Glossary
Common Malayalam terms you’ll meet on these pages. Spellings are romanised and vary; pronunciations are approximate.
The meal and the table
Section titled “The meal and the table”- Sadya (സദ്യ): a feast; the celebratory banana-leaf banquet.
- Oottu / Choru: a meal; cooked rice.
- Ela: the banana leaf used as a plate.
- Athithi: guest; the root of the deep hospitality custom.
- Mathi (മതി): “enough”; said to decline a refill.
Dishes of the sadya
Section titled “Dishes of the sadya”- Parippu: dal (lentils), the opening course, eaten with ghee (ney).
- Sambar: a tamarind-and-lentil vegetable stew.
- Rasam: a thin, tangy, peppery soup eaten over rice.
- Avial: mixed vegetables in coconut and yoghurt.
- Thoran: finely chopped vegetables stir-fried with grated coconut.
- Olan: ash gourd and beans in a mild coconut-milk gravy.
- Kaalan: a thick yoghurt-and-coconut curry with yam or plantain.

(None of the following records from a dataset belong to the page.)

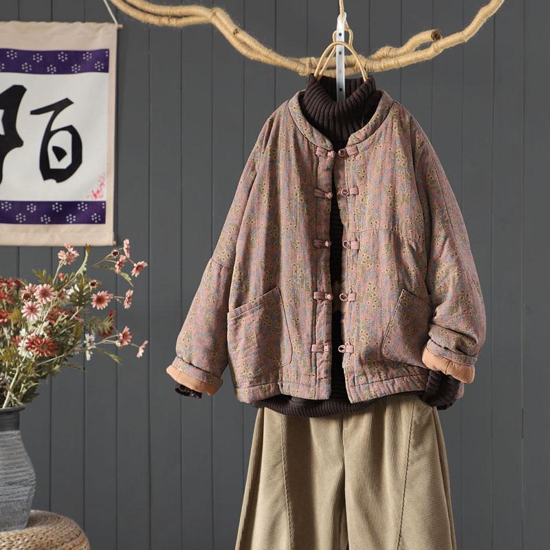 Осень Зима Женские Хлопковые Стеганые Пальто Женские Винтажный Стиль Цветочный Принт Женские Толстые Утепленные Куртки One Size розовый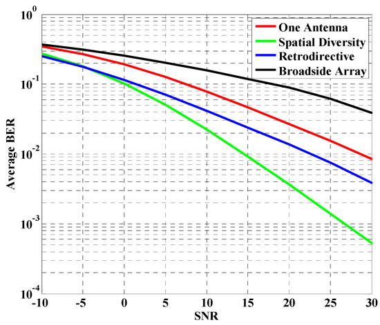 Note that for BER = 10−2, the retrodirective array provides a ~6 dB gain compared to the one-antenna case. The respective gain for the spatial diversity case is theoretically higher but cannot be attained since the incident signals to the different antenna elements are correlated. The broadside array performs badly. The stated results indicate that the retrodirective array has an increased operation range compared with that of the conventional tag. Indeed, to quantify and intuitively present the attained results, let us adopt the easily understood and widely accepted backscatter communication radio link budget formula from [18], which is as follows: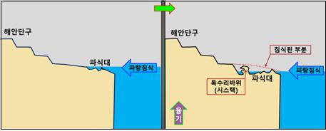 아래 그림은 지각의 융기와 파랑의 침식으로 해안단구와 파식대가 형성되고, 그 과정에서 침식을 견디고 남은 암석의 단단한 부분이 독수리 바위가 되는 과정을 보여준다. 독수리 바위가 있는 현재의 파식대도 수만 년 후 융기하면, 오늘날 사람이 거주하고 있는 구만리 해안단구와 같은 지형이 될 것이다.
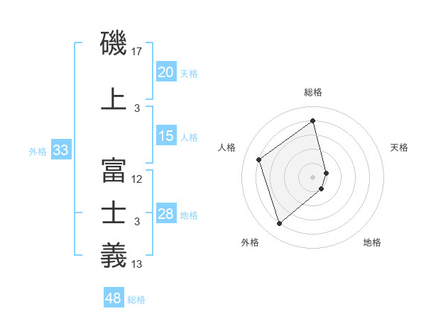 磯上 富士義さんを姓名の画数から五運を鑑定
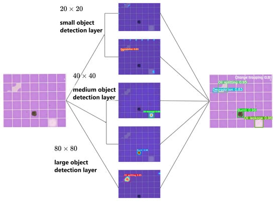 The three modules exhibit excellent performance in terms of detection accuracy and network lightweighting. By integrating them simultaneously into the network, we obtained the proposed EW-YOLOv7 model, whose detection process is illustrated in Figure 8. The integration of the lightweight GhostNetV2 module reduced the number of network parameters and GFLOPS by 19.2% and 64.3%, respectively, compared to the original YOLOv7 model, significantly decreasing the amount of network computation. The inference time and weight size of EW-YOLOv7 were reduced by 28.9% and 28.4%, respectively, greatly enhancing its deployment capability. In terms of detection accuracy, the optimization of the Acmix attention mechanism and NGWD loss function for detecting defects, particularly small target defects, improved the network’s ability to identify such defects and increased its average detection accuracy by 8.7% compared to the original network. The experimental results demonstrate that EW-YOLOv7 outperforms the original YOLOv7 network in terms of detection accuracy, speed, and lightweight deployment and is well-suited for defect detection in the industrial production process of electrophoretic display devices.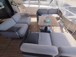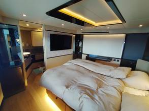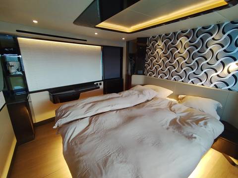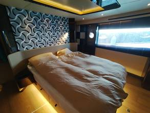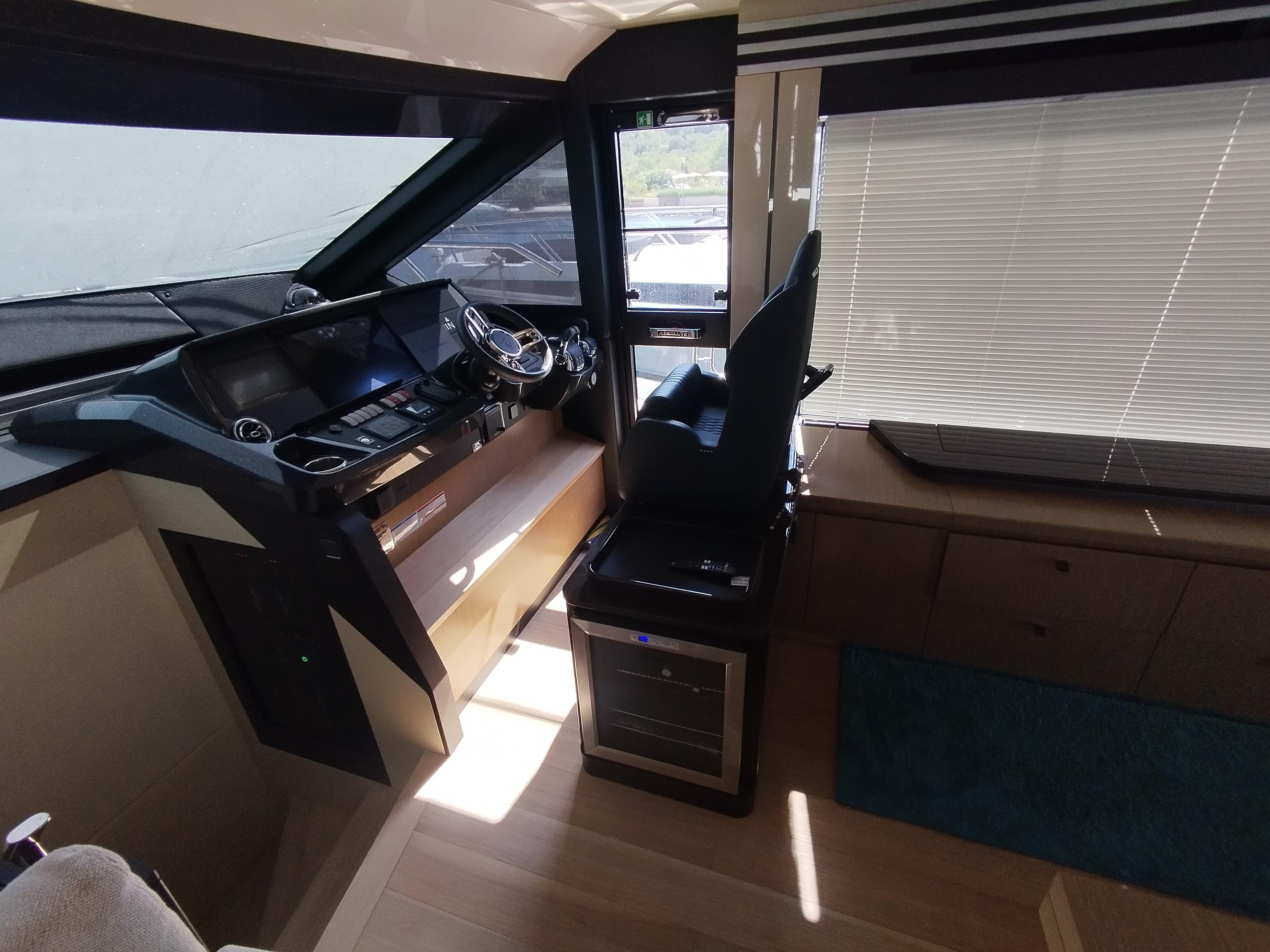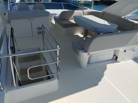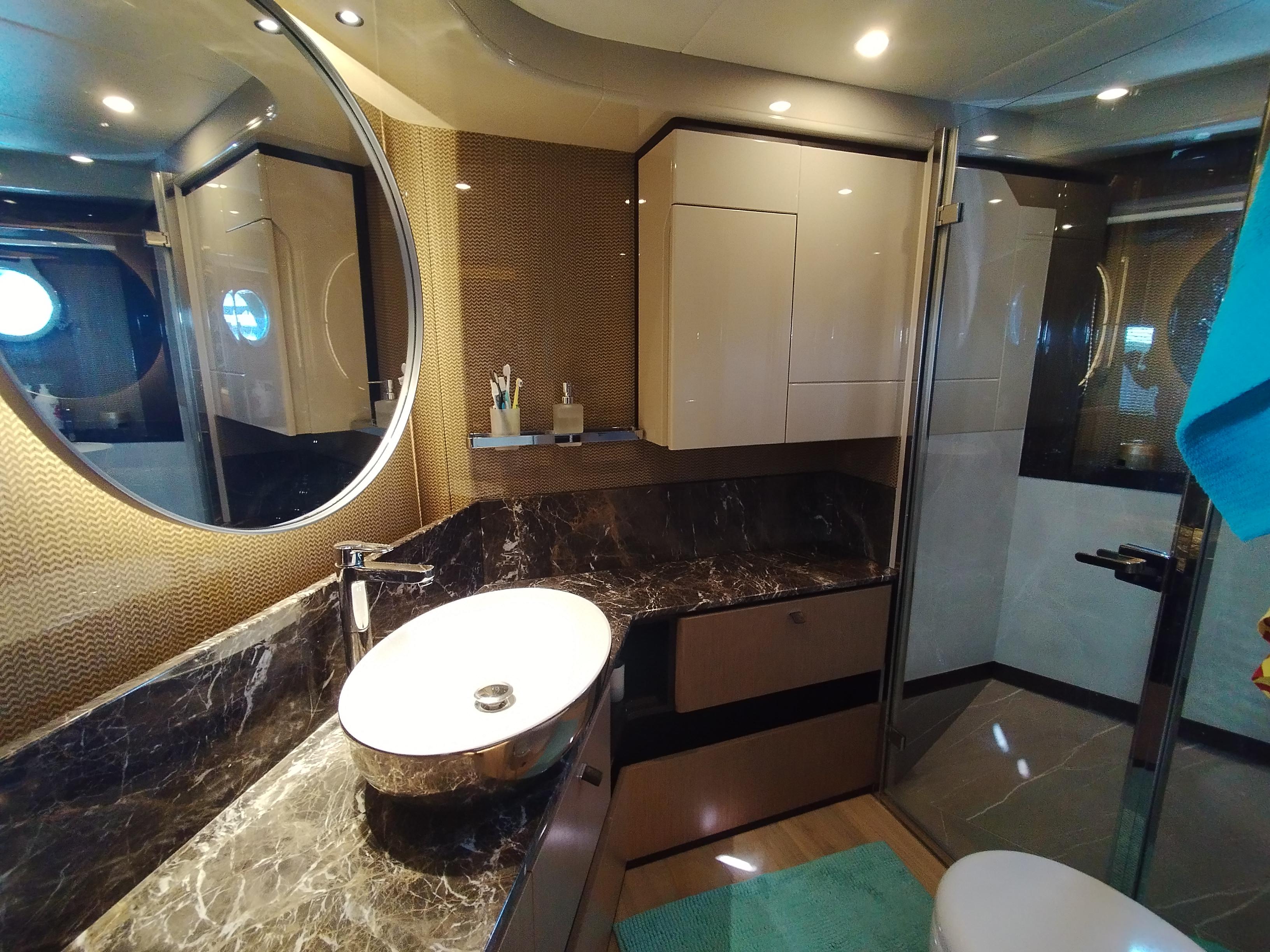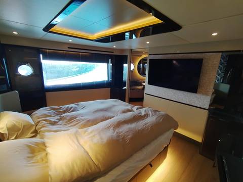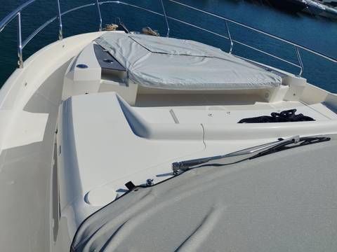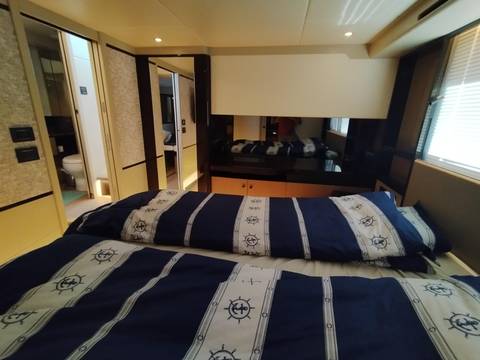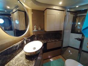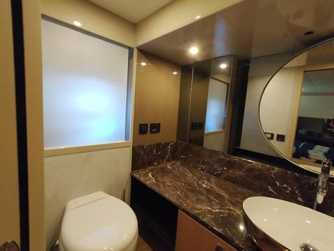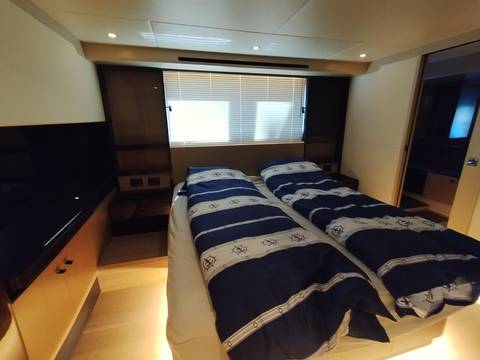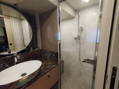 2nd refrigerator, glass ceramic cook top, dishwasher, washing machine, watermaker, toilet electric, separate crew cabine, owner cabin, guest cabin, bow cabin, salon, head, steering position inside, steering position on flybridge, fire extinguisher system, shore supply 220V, radio, cockpit cover, suncushion, pressurized water system, warm water system, transom door to bathing platform, wetbar, cockpit table, bathing ladder, under water light, underwater paint, holding tank, anchor windlass bow electric, anchor windlass stern electric, search light remote controlled, bathing platform hydraulic, gangway electric, trim tabs, electric/hydraulic, stern shower warm/could

- Kichadi / Pachadi: yoghurt-based sides, savoury and slightly sweet respectively.
- Pulissery / Moru: a cooling yoghurt or buttermilk curry, eaten late in the meal.
- Pappadam: a crisp, thin fried wafer.
- Upperi: banana chips; Sharkara upperi: jaggery-coated banana chips.
- Puli inji: a sweet-sour-spicy ginger-tamarind relish.
- Payasam: the sweet pudding that finishes a sadya.
Beyond the sadya
Section titled “Beyond the sadya”- Appam: a soft, lacy fermented rice pancake.
- Pathiri: a Malabar rice-flour flatbread.
- Kanji: rice porridge; Nombu kanji: the spiced porridge of Ramadan.
- Biryani: layered spiced rice and meat; the Malabar/Thalassery style is celebrated.
- Sulaimani: a light, spiced black tea, often after a rich meal.